To start the memory dump open a command prompt and enter the directory where you extracted Moonsols, then run the program. The /f option sets the location and name of the dump file, make sure you have enough disk space at the location you select.
win64dd -d /f c:\memory.dmp
It can take several minutes to write the dump file depending on how much memory you have. When the process finishes you will see something similar to the screenshot below
Analysis using Foremost
Now that we have a dump file we need to analyze it using Foremost. Foremost recovers files by looking at the headers, footers, and internal data structures of memory or disk images. Its only available for Linux so you will need to either copy your dump file to your Linux system, or boot your computer using an Unbuntu or Backtrack live CD.
You should be able to install Foremost using the package manager of your Linux distro, or you can install it from source.
Gentoo/Funtoo – emerge foremost
Ubuntu – apt-get install foremost
To run the analysis your command should look something like the example below. The -t option specifies the type of files to look for in the dump file. I recommend using -t all but you can also use -t jpeg if you only want to search for images for example. Foremost can take a few minutes to finish running. When it is finished it will create and output folder that will contain a directory for each file type and also a text file called audit.txt
foremost -t all memory.dmp
Interpreting the output
After Foremost is finished I recommend copying the output back to a Windows machine for easier analysis. A lot of the output ends up being corrupted since memory is constantly being written and rewritten but a lot of the files will be intact. You’ll have to sort through the output but you will most likely find some interesting things. During my testing I ran into a interesting find. As soon as I copied the output back to my Windows box my virus scanner started going crazy detecting all kinds of infected .exe files in the output. I was shocked by this, how could all of these infected files have been in my memory? And why did not virus scanner not detect them in my systems memory? I ran a full system scan on my computer just to make sure it wasn’t infected. The scan did not find anything other than the files in the Foremost output folder.

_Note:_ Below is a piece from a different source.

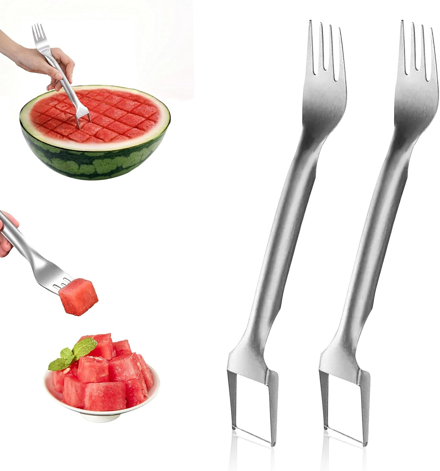 2-in-1 Stainless Steel Fruit Cutter, 2025 New Upgrade Watermelon Fork Slicer Cutter Tool
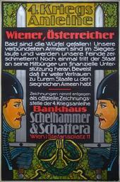 | Keywords: 3-2 Sammlung Eybl (Slg.Nr. 2268) Plakat 4. Kriegsanleihe 1916.jpg  Ă–sterreich “ Ungarn Anonym 4 Kriegsanleihe 1916 121 x 80 cm Slg Nr 2268 Der euphorische Text fordert die BĂĽrger der Heimat auf noch einmal den Staat finanziell zu unterstĂĽtzen und in den Sieg zu vertrauen Bis zur tatsächlichen Niederlage vergingen noch zwei Jahre und folgten vier weitere Kriegsanleihen Die Ritter an den Plakatseiten sollten das Bild eines žritterlichen Krieges erzeugen Diese oft verwendeten Symbole waren eine bewusste IrrefĂĽhrung Austria-Hungary Anonymous 4 War Bond 121 x 80 cm 1916 Slg Nr 2268 The euphoric text calls on the citizens of the homeland once again to support the government financially and to trust in the victory Until the actual defeat took another two years and was followed by four more war bonds The Knights of the poster sides should create the image of a chivalrous war These symbols often used were a deliberate deception Sammlung Eybl Plakatmuseum Wien 2009-11-28 12 45 58 A Erhardt Credit line Eybl Plakatmuseum Wien/Wikimedia Commons CC-BY-SA-4 0 wiki Sammlung Eybl Plakatmuseum Wien PD-old-100-1923 World War I posters of Austria-Hungary War bonds Plakatmuseum Wien Eybl Collection |

Apparently these viruses hadn’t executed or infected my system but were just hiding in system RAM. The more I thought about it the more sense it made,Virus scanners are designed to detect infected files and malicious running processes but they don’t dig through all of the memory your system.
If your just looking to get a better idea of what is going on in your own computer or you are doing a forensic analysis of a machine memory dumps can be very useful. Analyzing these dumps can also be a good way to capture viruses and malware that may be hiding in RAM. Program writers often compile audio and photo files directly into executable files, these files wouldn’t be directly accessible without dumping memory. If you don’t like the idea of things being hidden from you on your own computer dump your memory and see what it holds.